Open-source rivals Novell and Red Hat are each highlighting initiatives to bring Linux-based functionality to the desktop.
Novell, at its BrainShare 2007 convention this week in Salt Lake City, detailed improvements to its Suse Linux Enterprise Desktop (SLED) 10 product, introduced in July 2006, while Red Hat provided more details about the desktop capability of its new Red Hat Enterprise Linux (RHEL) 5 operating system.
Jeffrey Jaffe, Novell's chief technology officer, said a Service Pack upgrade to SLED 10 is now available. Service Packs usually just include bug fixes, Jaffe said, but Novell's adds desktop virtualisation and the ability to run Windows in a Linux environment, part of Novell's recently announced collaboration with Windows creator Microsoft.
"We're really taking [virtualisation] to the next level...bringing Suse Enterprise Linux from the desktop to the datacentre," he said.
Novell introduced a Suse Linux Enterprise Thin Client offering on Monday in Salt Lake City, combining SLED with an image-creation tool kit to provide a finished thin-client product, which Novell says will offer customers lower costs, increased data security and better manageability.
The thin-client product should increase adoption of Linux, which has been used mostly in server environments, onto desktops, said Chris Ingle, consulting and research director at IDC.
"One of the main barriers to using Linux [thin-client] has been the availability of skills and a supported product. Novell's announcement of support should further drive Linux in this fast-growing market," Ingle said in a prepared statement. He was not available for an interview.
Red Hat, meanwhile, provided details about its desktop strategy in a blog posting by Paul Cormier, Red Hat's executive vice president of engineering. RHEL 5 was officially unveiled on 14 March.
"With Red Hat Enterprise Linux 5, we're introducing the next generation of our Enterprise Desktop. This solution is primarily targeted at knowledge workers in enterprises of all sizes," Cormier wrote.
The next generation product features a new user interface, productivity tools and management capabilities, he said, and promised news in the coming months on an entry-level desktop solution.
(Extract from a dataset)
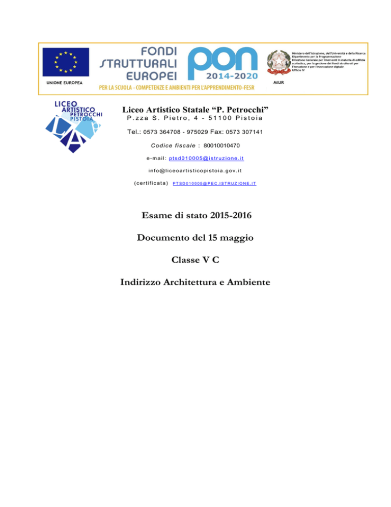 Liceo Artistico Statale “P. Petrocchi” P.zza S. Pietro, 4 - 51100 Pistoia Tel.: 0573 364708 - 975029 Fax: 0573 307141 C odice fisc ale : 80010010470 e-mail: [email protected] [email protected] (certificata) [email protected] Esame di stato 2015-2016 Documento del 15 maggio Classe V C Indirizzo Architettura e Ambiente Liceo Artistico P. Petrocchi Indice 1. Formazione consiglio di classe Consiglio di classe 2013/2014 Consiglio di classe 2014/2015 Consiglio di classe 2015/2016 2. Presentazione della scuola 3. Presentazione dell'Indirizzo di Architettura e Ambiente 4. Presentazione della classe V C 5. Obiettivi di apprendimento 6. Materia CLIL 7. Simulazioni delle prove d’esame 8. Metodologie didattiche e strumenti didattici funzionali all'insegnamento 9. Attività integrative e progetti 10. Allegati: – Allegato A: estratto del verbale del consiglio di classe – Allegato B: i programmi – Allegato C: curricula studenti – Allegato D: i crediti formativi – Allegato E: Simulazione prove – Allegato F: Griglie 11. Firme del C.d.c 2 Liceo Artistico P. Petrocchi Consiglio di classe 2013/2014 Docente Materia di insegnamento Ore settimanali Bruni Vinicio Laboratorio di Architettura Buscioni Piero Lingua e Letteratura Italiana, Storia Cappelli Elena Discipline Progettuali (Architettura e Ambiente) 6 Fiorentino Antonio Chimica 2 Fontani Roberto Scienze Motorie e Sportive 2 Giannessi Barbara Storia dell’Arte 3 Mancinelli Fabrizio Matematica, Fisica Mazzoncini Ilaria Lingua e Cultura Straniera (Inglese) 6 4, 2 2, 2 3 Michelucci Massimo Religione 1 Zarrella Andrea 2 Filosofia 3 Liceo Artistico P. Petrocchi Consiglio di classe 2014/2015 Docente Materia di insegnamento Ore settimanali Antonelli Roberto Scienze Motorie e Sportive 2 Bruni Vinicio Laboratorio di Architettura 6 Fiorentino Antonio Chimica 2 Mancinelli Fabrizio Matematica, Fisica Mazzoncini Ilaria Lingua e Cultura Straniera (Inglese) 3 Mazzoni Cecilia Maria Discipline Progettuali (Architettura e Ambiente) 6 Princi Eliana Storia dell’Arte 3 Ricciarelli Cristiano Religione 1 Tecleme Terenzio Filosofia 2 Tropea Antonella Lingua e Letteratura Italiana, Storia 2, 2 4 4, 2 Liceo Artistico P. Petrocchi Consiglio di classe 2015/2016 Docente Materia di insegnamento Ore settimanali Fallani Massimo Scienze Motorie e Sportive Mancinelli Fabrizio Matematica, Fisica Mazzoncini Ilaria Lingua e Cultura Straniera (Inglese) 3 Mazzoni Cecilia Maria Discipline Progettuali (Architettura e Ambiente) 6 Panelli Mario Laboratorio di Architettura 8 Princi Eliana Storia dell’Arte 3 Ricciarelli Cristiano Religione 1 Tavilla Igor Filosofia 2 Tropea Antonella Lingua e Letteratura Italiana, Storia 2 2, 2 5 4, 2 Liceo Artistico P. Petrocchi Presentazione della scuola Il Liceo Artistico “Policarpo Petrocchi” è una scuola che può vantare importanti tradizioni nel panorama scolastico pistoiese, con gli anni è diventata una realtà culturale e artistica di riferimento nel contesto territoriale della provincia di Pistoia e delle zone limitrofe; la sua storia è a testimonianza del continuo e costante impegno di “officina” formativa di giovani talenti e di valido contributo alla crescita qualitativa dell’imprenditorialità locale, con la quale ha da sempre privilegiato un rapporto di diretto contatto e collaborazione. Il Liceo Artistico si articola nei seguenti indirizzi: Arti Figurative Architettura e Ambiente Audiovisivo e Multimediale Design (della Moda e del Tessuto, del Gioiello e dell’Accessorio, Industriale) Grafica Presentazione dell’indirizzo di Architettura e Ambiente Durante il secondo biennio e nel monoennio finale si amplierà la conoscenza e l’uso dei metodi proiettivi del disegno tecnico orientandolo verso lo studio e la rappresentazione dell’architettura e del contesto ambientale, nonché dell’elaborazione progettuale della forma architettonica. Nell’approccio al processo della composizione architettonica è opportuno che gli studenti tengano conto della necessità di coniugare le esigenze estetiche e concettuali con quelle strutturali, i principi funzionali della distribuzione, con quelli basilari della statica, imparando a conoscere, orientare e sistematizzarne sia i dati quantitativi e qualitativi, sia i caratteri invarianti. Analizzeranno e applicheranno le procedure necessarie alla realizzazione di opere architettoniche esistenti o ideate su tema assegnato, attraverso elaborati grafici, e rappresentazioni con ausilio del disegno bidimensionale e tridimensionale CAD; sarà pertanto indispensabile proseguire e ampliare lo studio dei principi proiettivi, acquisire la conoscenza e l’esercizio delle proiezioni prospettiche e della teoria delle ombre, delle tecniche grafiche finalizzate all’elaborazione progettuale. Utilizzando supporti di riproduzione fotografica, cartografica e grafica, multimediale, modelli tridimensionali è necessario che si acquisiscano la capacità di analizzare e rielaborare opere architettoniche antiche, 6 Liceo Artistico P. Petrocchi moderne e contemporanee, osservando le interazioni tra gli attributi stilistici, tecnologici, d’uso e le relazioni con il contesto architettonico, urbano e paesaggistico. Durata del corso: La durata del corso è di 5 anni. Titolo rilasciato: DIPLOMA DI LICEO ARTISTICO indirizzo ARCHITETTURA E AMBIENTE Presentazione della classe 5a C La classe si presenta composta di 15 studenti dei quali: – 13 provenienti dalla stessa classe 3a; – 1 studentessa che si è aggiunta in 4a; – 1 studentessa che si è aggiunta in 5a. Gli studenti hanno una provenienza eterogenea: circa metà della classe proviene dalla Valdinievole, due da Agliana, una da Prato, due da Agliana, una da Lucca, una da Porretta Terme e solo due da Pistoia. L'elenco completo degli studenti che si presenteranno all’esame, previa ammissione, è il seguente: 1. Ammendola Elena 2. Armeni Linda 3. Battaglia Giulio 4. Betti Giulia 5. Buti Monica 6. Ciocca Eleonora 7. Frosini Lucrezia 8. Furman Gonçalve
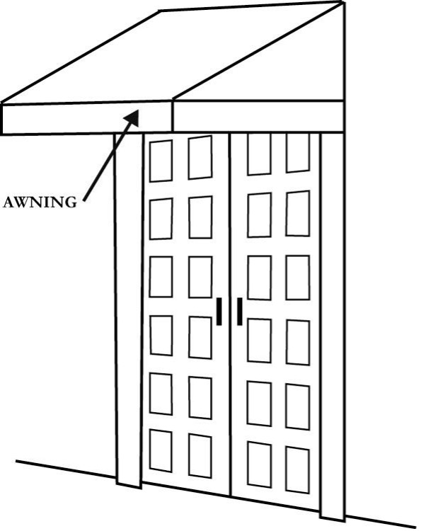 Awning: A roof like cover, temporary in nature, which projects from the wall of a building and overhangs the public way.

"Our goal is not to merely make copies of desktop solutions already available from other providers, but to work with the needs of customers and markets to create something even more usable and productive for today's requirements," Cormier wrote in a blog posting on Wednesday.
Novell's BrainShare event was its first since a partnership with Microsoft was announced in November 2006. Sessions during the five-day conference focused on technical issues regarding the interoperability of Linux and Windows systems. Specifically, the technical focus is on virtualisation, web services for managing physical and virtual servers, directory and identity interoperability, and document format compatibility.